Updated: September 12, 2013 6:09AM
Chicago’s LGBTQ businesses have overcome the same types of institutionalized discrimination as other minority groups, persevering in the face of police raids and bureaucratic hassles until they gained enough clout to fight back.
Timothy Stewart-Winter, a former Andersonville and Edgewater resident who got his doctorate at the University of Chicago and now teaches history at Rutgers University in Newark, N.J., is writing a book about the rise of urban gay politics in Chicago, in which he says running a small business catering to gays or lesbians “used to entail so many additional risks, you had to have unusual courage or mob connections or both.”
He credits the late Mayor Harold Washington with providing an unexpected “crucial turning point” in allowing the LGBTQ community to emerge as a political force.
“Designating Boystown as the center of gay Chicago politics helped mobilize a particular kind of gay voter — often, though not always progressive, even as it marginalized queers of color,” he said.
“Boystown’s political empowerment made gays and lesbians into a voting bloc that City Hall just couldn’t ignore,” Stewart-Winter said.

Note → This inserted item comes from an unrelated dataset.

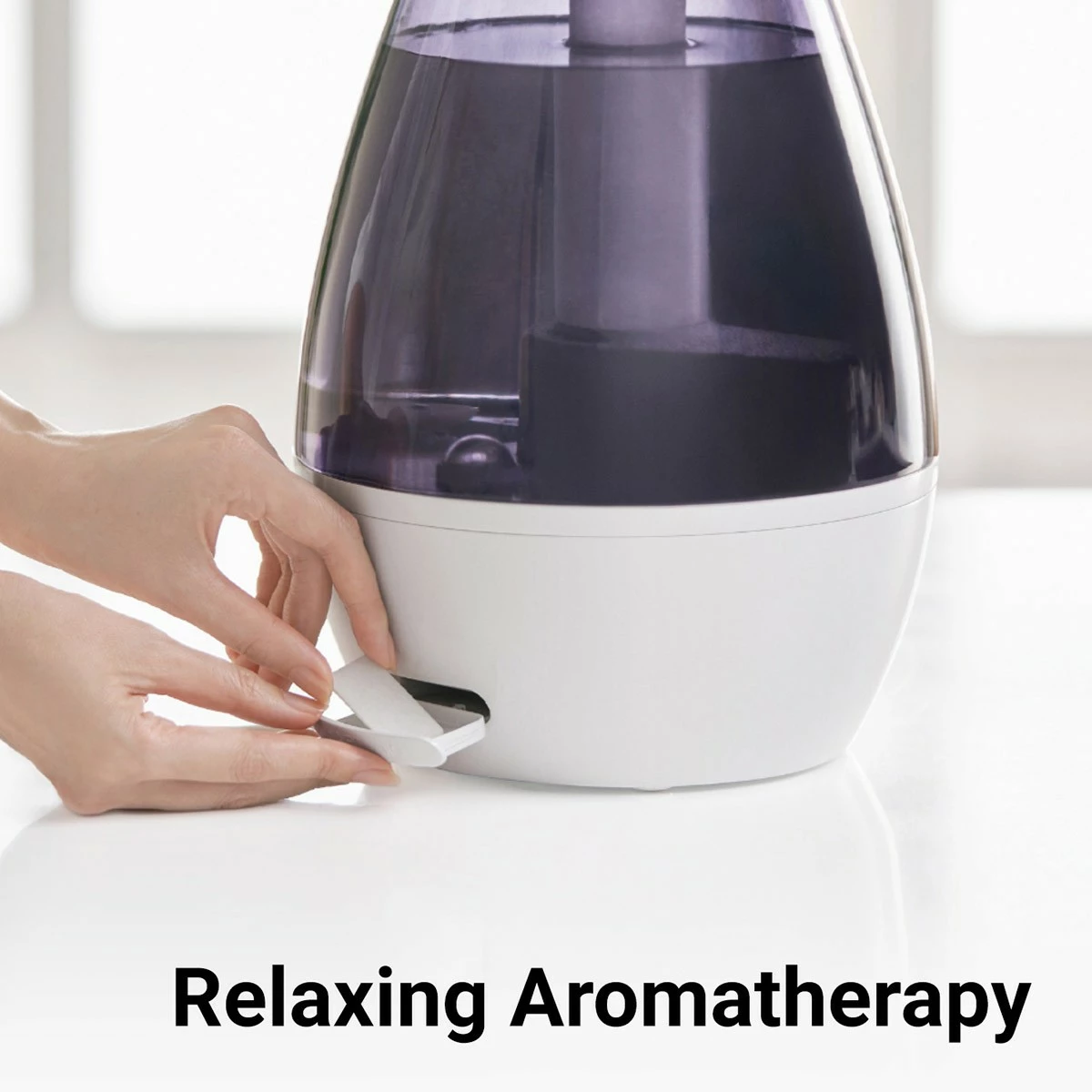 - Instant Relaxation: Pre-soaked aroma pads are included and simple to insert. This humidifier with aromatherapy enriches the air and creates a relaxing aroma. Lavender and eucalyptus aromas are included with purchase. Â

Timing mattered too. Starting in the 1980s, politicians started recognizing that bar owners could play a key role in mobilizing gay voters, particularly in the 44th, 46th and 48th wards where some of the only wards were up for grabs during the “Council Wars” era.
And while today’s openness to LGBTQ businesses is a given, especially among young people, Stewart-Winter says many more gay businesses are owned by men than by women, and some corporate advertising continues to reinforce stereotypes of gay affluence.